La Coordination nationale des organisations de la société civile pour la réponse communautaire multisectorielle aux épidémies en République du Congo (Cnore), en partenariat avec l’association international russe Globus, a organisé le 17 juillet à Brazzaville, une session de formation et d’information sur la prévention, la détection et la réponse contre le virus Ebola.
La formation visait à renforcer les capacités des leaders communautaires, à les sensibiliser aux risques et aux mesures préventives, mais aussi à favoriser la mobilisation des populations pour l’adoption de pratiques préventives et l’identification des cas suspects. Pour les organisateurs, l’objectif est de soutenir le système national de préparation, de détection et de réponse face au virus Ebola qui est actuellement au porte de nos frontières, précisément en RDC.
Dans son discours d’ouverture, le coordonnateur national de la Cnore, Markos Hollat-Louis a rappelé le contexte sanitaire préoccupant dans lequel le Congo est exposé avec un risque d’intrusion de la maladie sur le territoire national. Pour lui, il faudrait renforcer les leaders des organisations, d’accompagner des pouvoir publics dans l’intensification de la surveillance épidémiologique et promouvoir la communication sur les risques et engagements communautaires. « Ce sont des outils qui joueront un rôle central dans la détection et la réponse au virus », a-t-il indiqué.
Le coordonnateur souligne cependant que cette maladie ne devrait pas occulter l’urgence sur l’épidémie du choléra, qui a causé plus de 100 décès depuis le 26 juillet 2026. Il rappelle que les connaissances acquises lors de cette formation, couplées avec celle déjà maîtrisée sur le choléra, permettront à cet effet de prévenir l’introduction d’Ebola et de briser la chaîne de transmission du choléra.
L’initiative de cette session résulte de la volonté commune de deux structures de la société civile, l’une congolaise et l’autre russe qui s’inscrit dans le cadre des bonnes relations entretenues entre les deux pays. Dans le domaine sanitaire, cette coopération conduit comme exemple en 2025 à un don de la Russie de deux laboratoires mobiles.
L’association Globus, active au Congo depuis 2025, a présenté les résultats de ses activités dans le domaine de la santé et de la prévention. Elle a notamment fait la démonstration d’une plateforme numérique utilisée pour mettre en œuvre les objectifs fixés lors de la conférence. Par cette méthode, plus de 300 000 habitants ont eu l’accès à de l’eau potable, des cours d’informatique et de la langue russe, ainsi que sur l’éducation sanitaire et les gestes de premiers secours ont été enseignés à la population de Brazzaville grâce au soutien du Cnore et de la Croix-Rouge.

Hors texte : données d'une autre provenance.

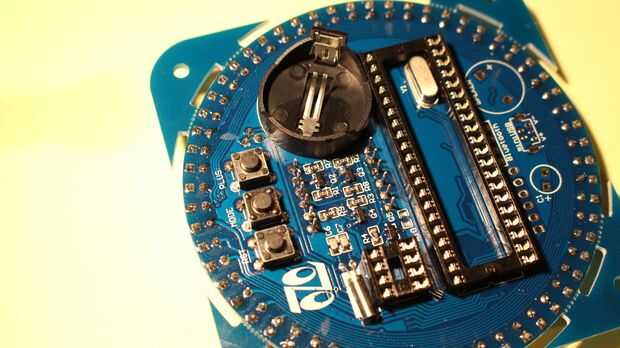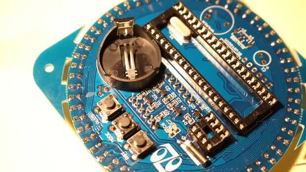 Paso 5) soldadura de los tres botones, dos titulares de chip y soporte de la batería. no hay mucho que decir acerca de estos componentes aparte debe soldar cada un pata componente primero y verificar la alineación antes de soldar el resto. Los botones sólo pueden seguir sola su camino y los titulares de dos chip tienen una muesca en el extremo que debe estar alineado con el gráfico de la PCB, nota los dos chips de distintas formas de cara! antes de soldar la batería titular de la curva sobre la pierna que va a terminar debajo de la pantalla, otra cosa tienes que cortar hacia abajo.

Globus soutient également la plateforme numérique « Congo Future », qui compte plus de 5 000 jeunes engagés dans des actions solidaires à travers le pays. L’association organise des événements culturels pour faire découvrir la culture et les traditions russes aux Congolais. « L'association Globus est toujours ouverte aux initiatives créatives et est prête à une collaboration fructueuse », a indiqué son représentant, Maksim Abramovski.
Prenant la parole pour lancer officiellement la formation, le secrétaire permanent du Conseil consultatif de la société civile et des organisations non gouvernementales (CCSV-ONG), Céphas Germain Ewangui, a exprimé sa satisfaction de constater qu’une des plateformes de la société civile s’est alignée au premier plan pour aider le ministère de la Santé à faire face à cette menace énorme. Il a également salué l’arrivée de Globus aux côtés des organisations congolaises, comme une conséquence des étroites relations d’amitié entre le Congo et la Russie.
Cependant, face à l’urgence sanitaire, le risque est réel, a rappelé le secrétaire permanent du CCSV-ONG. « Si le Congo partage des frontières avec cinq États, c’est uniquement avec la RDC qu’elle a une si longue frontière de 2410 kilomètres. Le risque est donc énorme », a-t-il dit, invitant alors tous les participants à accorder une attention soutenue à cette formation pour se déployer utilement sur le terrain.
Les organisateurs ont souligné la poursuite de cette session dans les autres localités du pays, suivie d’une campagne de sensibilisation spécifique auprès des leaders communautaires et religieux.